Today, let's look at something slightly different. Let me ask you this, if your communication is encrypted, is your privacy protected? It isn't really protected if someone watching the bytes fly by knows to whom you are speaking and when, is it? Remember that routing involves unencrypted headers that contain source and destination information.

Today, we are going to explore anonymous routing, techniques for routing that protect the identity of the sender and the receiver.

What Do We Need?

We a way of sending a message from one machine, to another machine, without anyone in the middle knowing from where it came or to whom it is going. This is almost possible. The first node is going to know where it came from. And, the last node is going to know where it went. But, the nodes in the middle, can be like the random long path from point-A to point-B, as much to generate confusion as to get from one place to another.

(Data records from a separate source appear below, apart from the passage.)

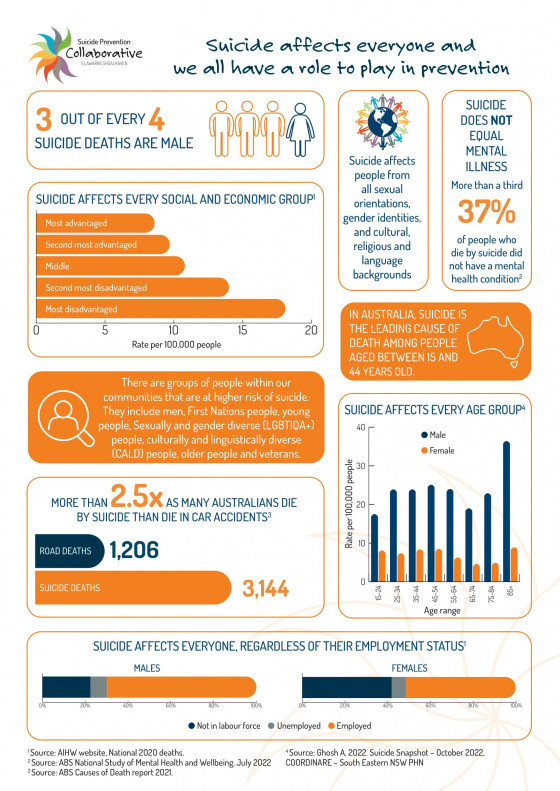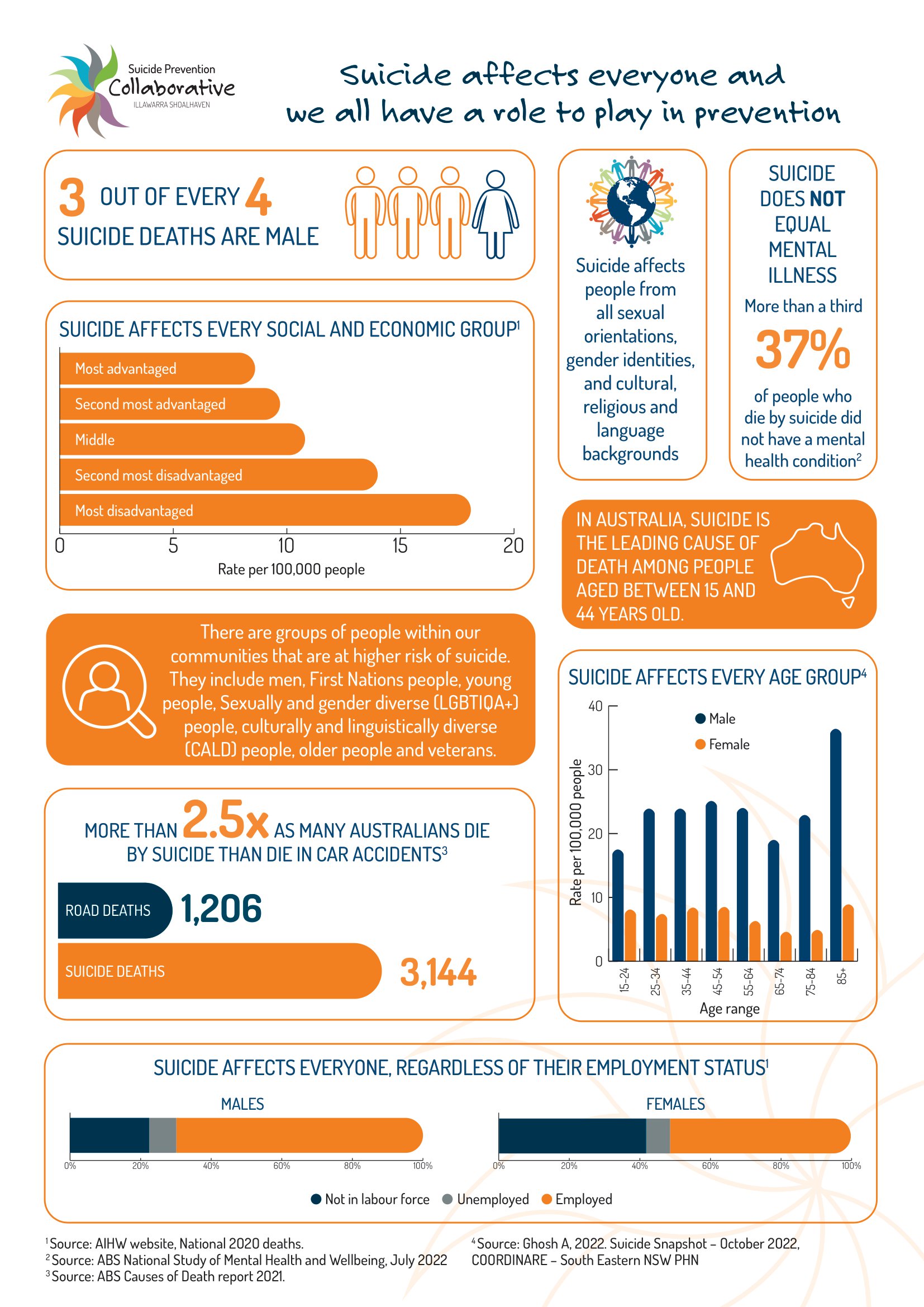 Suicide rates in the Illawarra Shoalhaven region are higher than national and NSW state averages (age standardised rates per 100,000 population). Based on a five-year average, in the Illawarra Shoalhaven region we lose 55 people to suicide each year.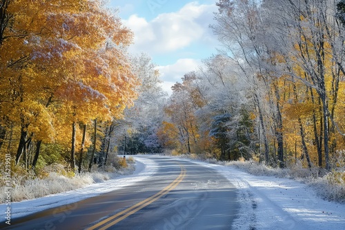 A scenic drive through an autumn wonderland, frost lightly coating the roadside trees.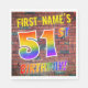 The front of this fun, exciting and eye-catching birthday-themed paper napkin design features a custom name, and the message "51ST BIRTHDAY!" with letters having a multicolored rainbow spectrum inspired gradient pattern, on a wall-of-bricks inspired pattern background. The look is inspired by that of graffiti or street art drawn on a wall. Fun paper napkins like this might be used at a birthday party for somebody who is celebrating their fifty first birthday. [~Z0000367]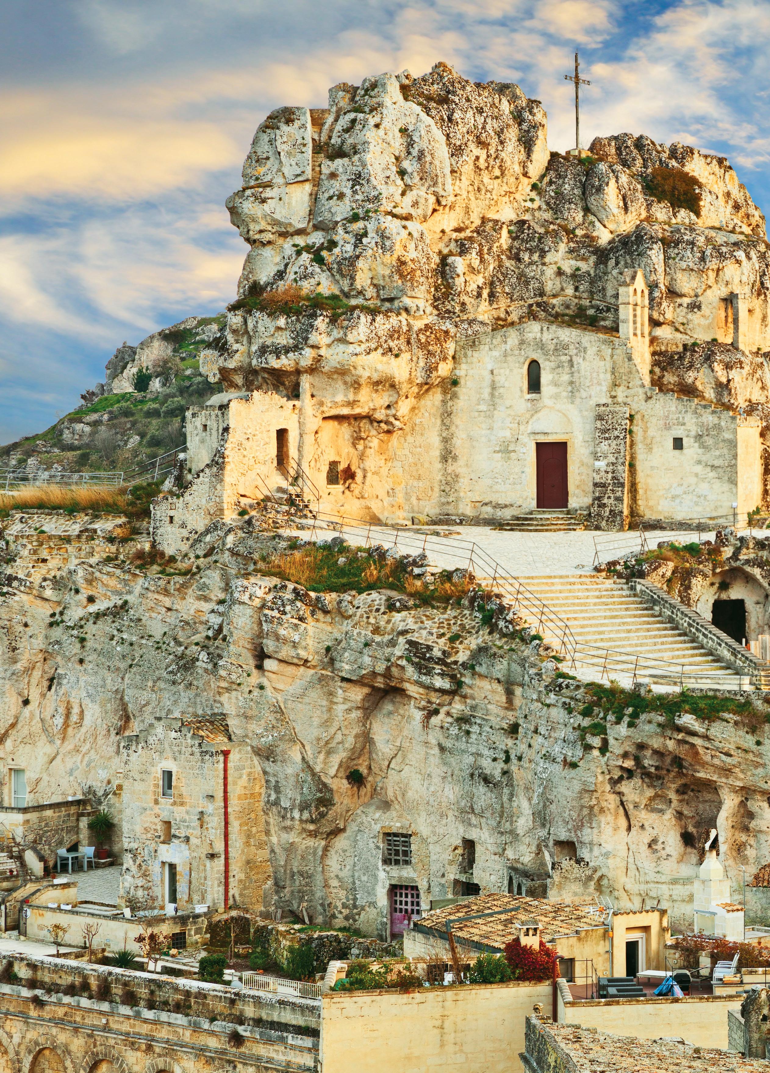 Materais,infact,ofalltheworld’scitiesinhabitedtoday,oneof themostancient.Amagicalplacethatpreserves,initsnatural caves dug out of the rock, evidence of human settlements since the Palaeolithic period. Over the centuries, the two Sassi,CaveosoandBarisano,symbolofthecity,havebeenmodelledintoincreasinglycomplexstructures thatmakeupthetwolargeurbanamphitheatres.WhenvisitingMatera,locatedinBasilicataonalimestone plateau,characterisedbydeepfissures,ravines,rocksandcaves,onehasthefeelingofenteringanativity scene.Houses,churches,monasteries,andhermitagesareallbuiltinthenaturalcavesoftheMurgia,ina landscapesoevocativethatithasbeenchosenasthesettingformanyfamousfilmproductions,suchas MelGibson's'ThePassionoftheChrist'andPierPaoloPasolini's'TheGospelaccordingtoSt.Matthew'.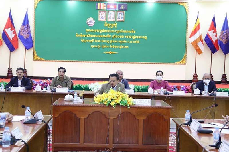 ខេត្តស្វាយរៀង៖នាព្រឹកថ្ងៃព្រហស្បតិ៍ ៩រោច ខែជេស្ឋ ឆ្នាំខាល ចត្វាស័ក ព.ស២៥៦៦ ត្រូវនឹងថ្ងៃទី២៣ ខែមិថុនា ឆ្នាំ២០២២នេះ ឯកឧត្តមម៉ែន វិបុល អភិបាល នៃគណ:អភិបាលខេត្តស្វាយរៀង និងជាប្រធានគណៈបញ្ជាការឯកភាពរដ្ឋបាលខេត្តបានអញ្ជើញជាអធិបតីក្នុងកិច្ចប្រជុំបូកសរុបលទ្ធផលការងារប្រចាំឆមាសទី១ និងទិសដៅការងារឆមាសទី២ ឆ្នាំ២០២២ របស់រដ្ឋបាលខេត្តស្វាយរៀង។
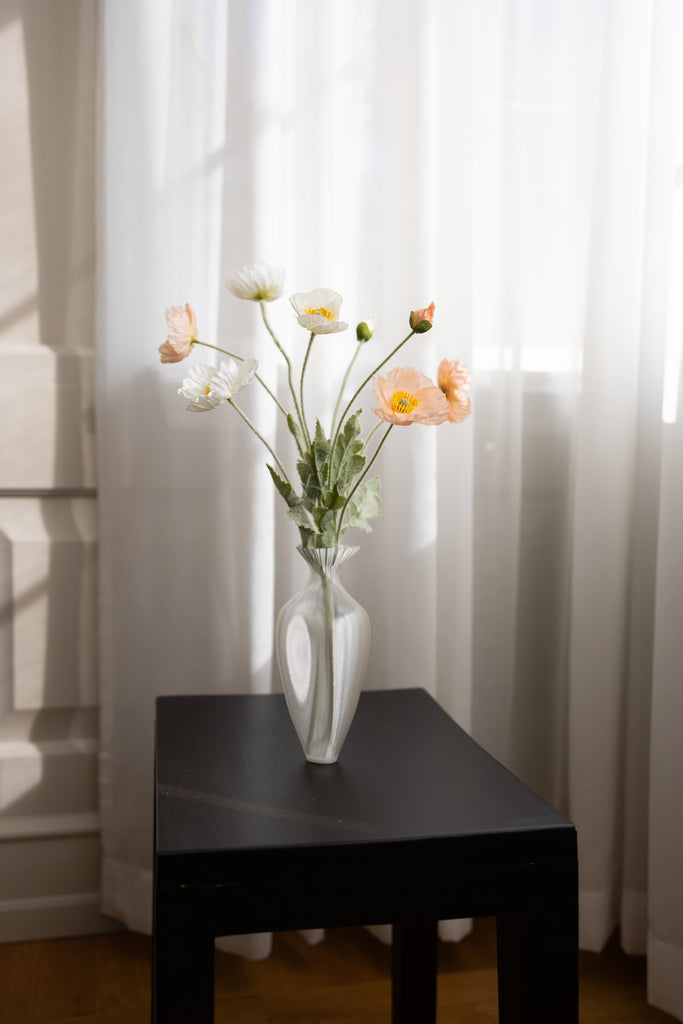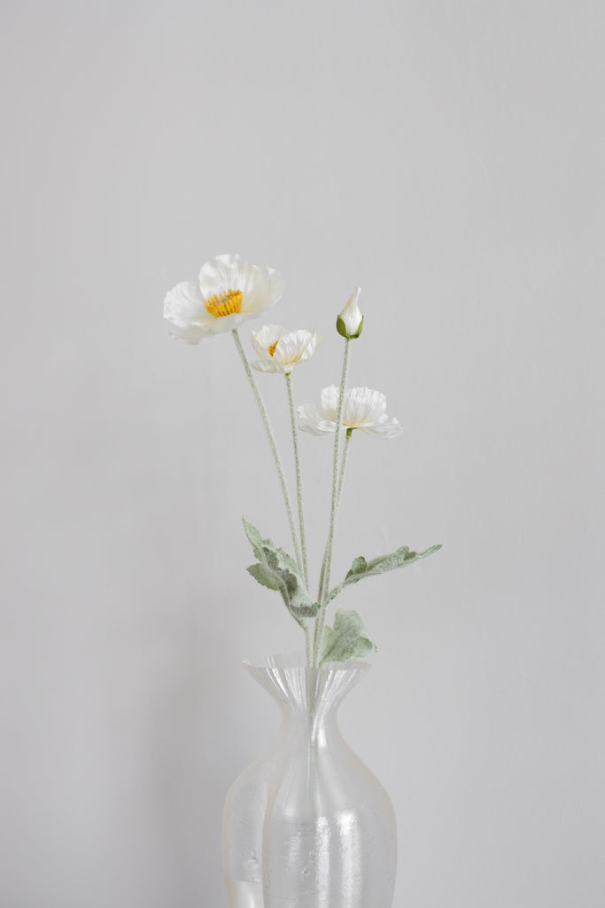 Vi præsenterer vores naturtro cremevalmue - en delikat og sofistikeret blomst, der tilfører et strejf af raffineret skønhed til ethvert rum.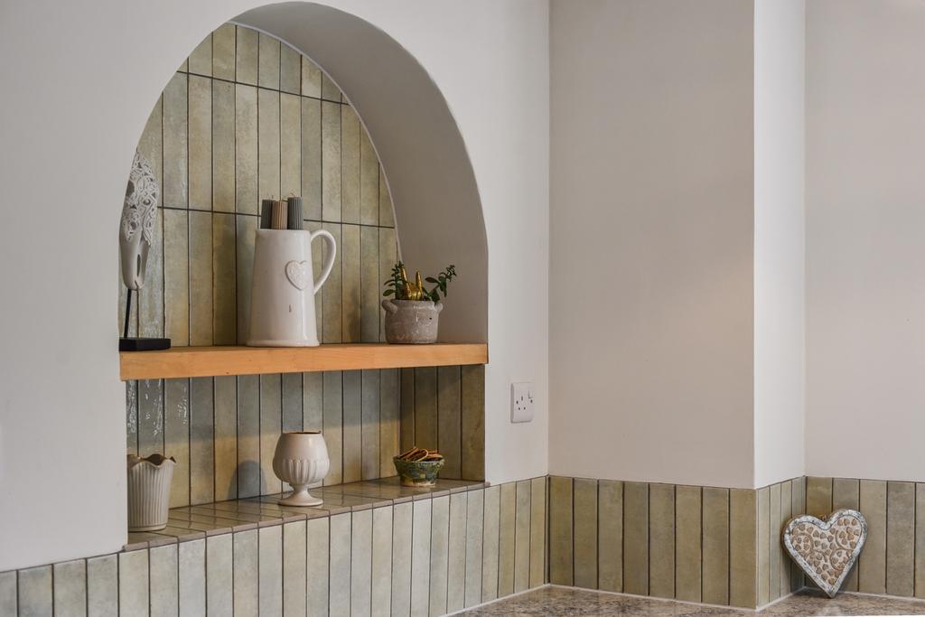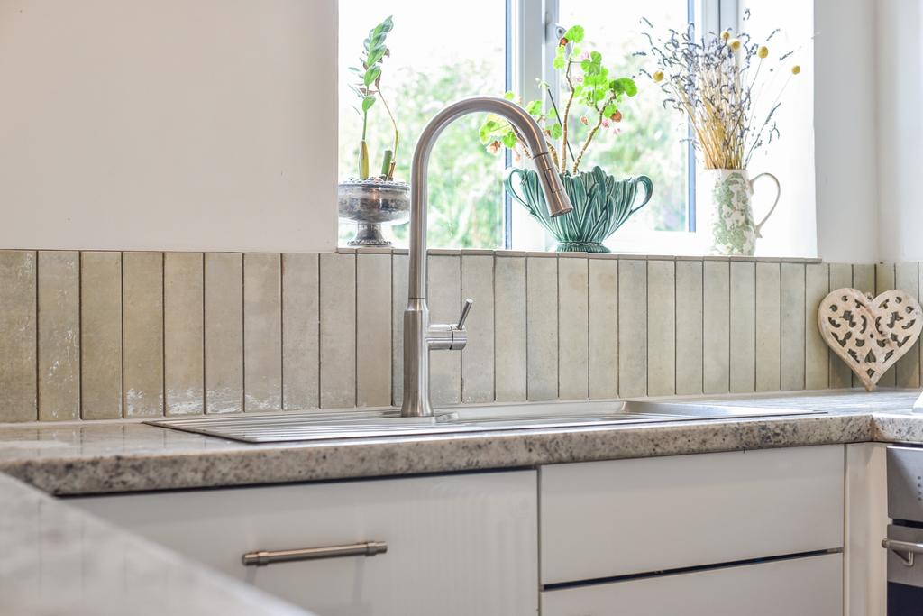 KitchenThe kitchen is neat and well-maintained, offering ample cupboard space and a generous larder for additional storage. It includes a Smeg gas oven, dishwasher, and a sink with drainer.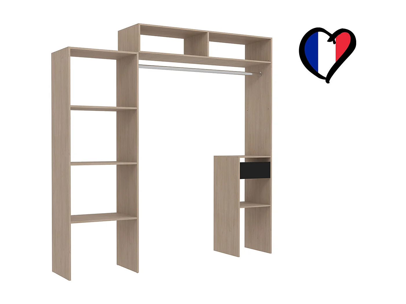 Dressing bois extensible avec penderie, étagères et tiroirs ELYSEE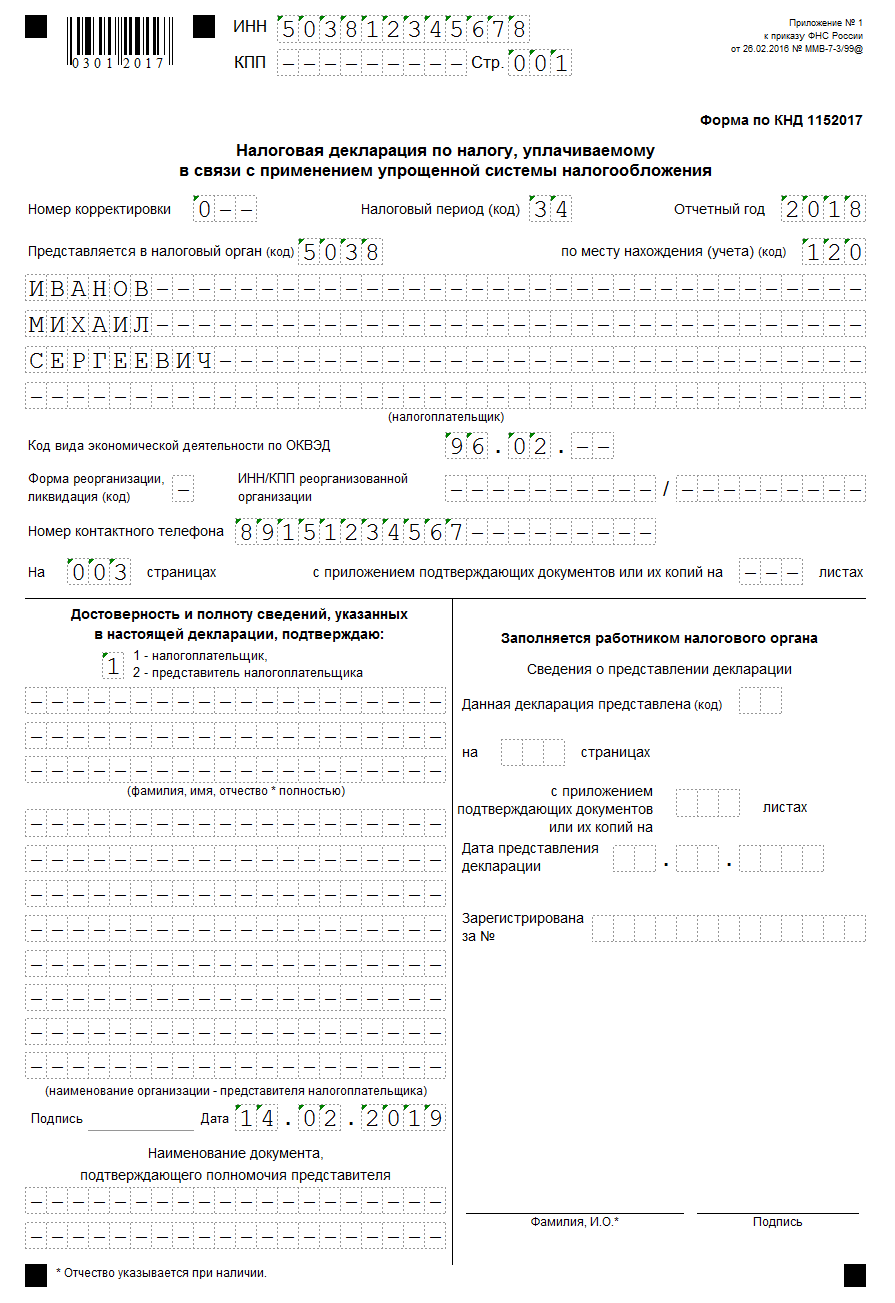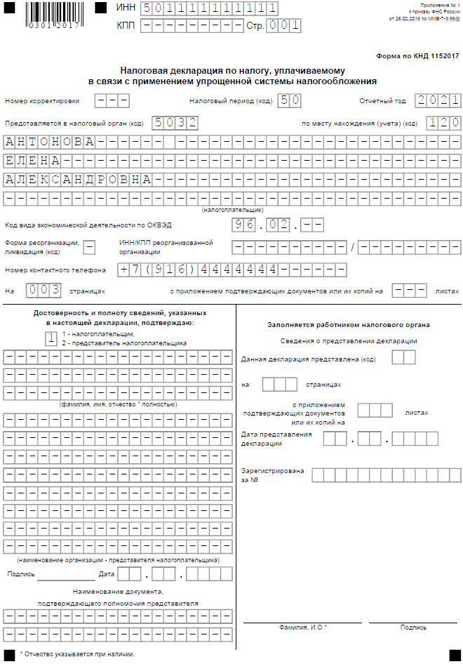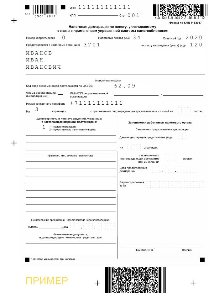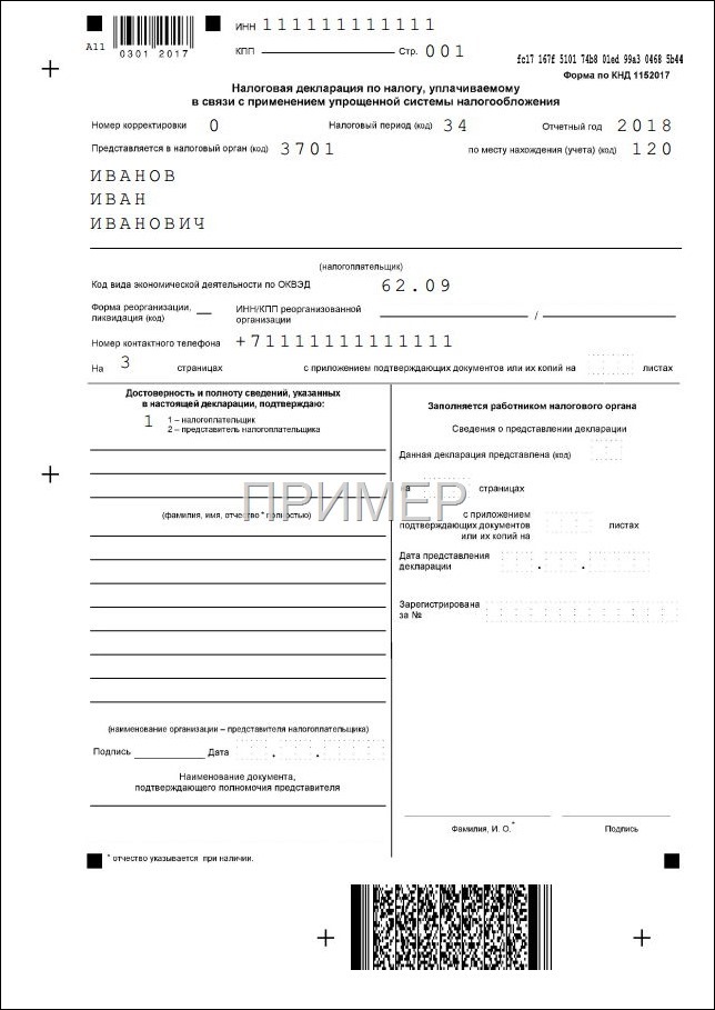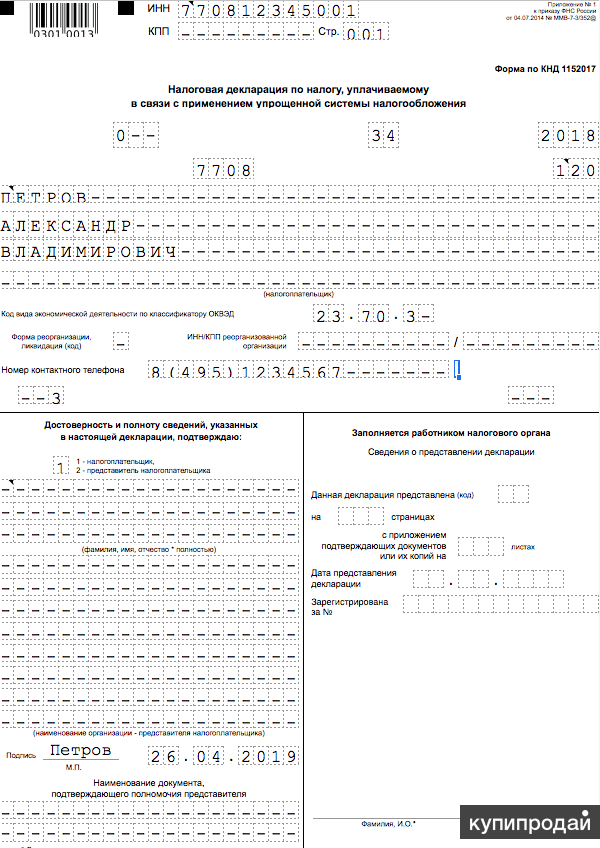 Пример заполнения ОКВЭД в декларации по УСН «Доходы»

If I were taking you for a drive and wanted to keep the location secret from you (think CIA safe house), other than blind-folding you, I'd pick the route in advance. It wouldn't be the shortest or simplest path. It would just be confusing. And, to make sure no one accidentally told you anything, I might you a bunch of different taxis, each one just knowing to get you from Point-A to Point-B, not where you were eventually going, nto where you originally came from, and not necessarily even which was the last stop.

And, every time I took someone to the safe house, I'd use a different route and different drivers, so no one figured anything out, e.g. there's usually anther driver waiting over there, or "last stop".

And, of course, if you happened to be carrying any secrets, I'd want them encrypted and inconspiciously hand-cuffeed to your wrist.

How Do We Acheive This In Software?

First, we need to establish the network of taxi drivers. We need a set of nodes that will do this type of hop-to-hop routing for us, accepting messages and forwarding them as needed.

Then we need a way of expressing our route to those among this network of nodes that we choose to use -- without letting them all see it. To do this, we first pick our nodes, and then negotiate with each of them a key to use to encrpyt the messages for their hop. What they get when they decrypt each is another message. The payload is encrypted, but the header is not and gives them the next hop. the last hop hands off the message, either encrypted such that the destination can decrypt it, or not at all.

So, first we pick some arbitrary routing. Then, we negotiate this set of keys with each hop. Finally, we encrpyt the message so each hop can decrpyt it in turn. Now, we send our messge to the first router, and it flies from there.

What we have created here is essentially a virtual circuit. We've set up a path from Point-A to Point-B. But, since we had to negotiate all of these keys, we want to use it for at least a while. So, we send a bunch of messages through before creating an new one. This amortizes the communication cost over time.

But, of course, not too much time. We want to switch routings again fairly soon, so that traffic analysis doesn't show our pattern of traffic through this set of routers.

Tor

The system as described above is essentially tor. In addition Tor offers anonymous roundezvous services. In other words, it allows clients and servers to connect anonymously to each other using the anonymous Tor network to generate a virtual meeting place that is not at either system.

Beyond Tor

Tor hides the actual routes. And, it uses virtual circuits for only about 10 minutes, to balance the amortization of the cost with the desire to keep things changing.

But additional levels of protection might be needed against determined adversaries. For example, traffic analysis might show that the source, the destination, and certain linkes are "hot" at certain times. Or, certain timing artifacts might be noticed at one node and observed at another.

To combat this problem, it is possible one can generate a bunch of bogus traffic to dilute the real traffic. One can also bundle messages together somewhat arbitrarily at the various nodes, only unbundling them later to mix the traffic streams. It is also possible to have the various routing nodes introduce random timing artifacts, such as jitter, delay, or reordering.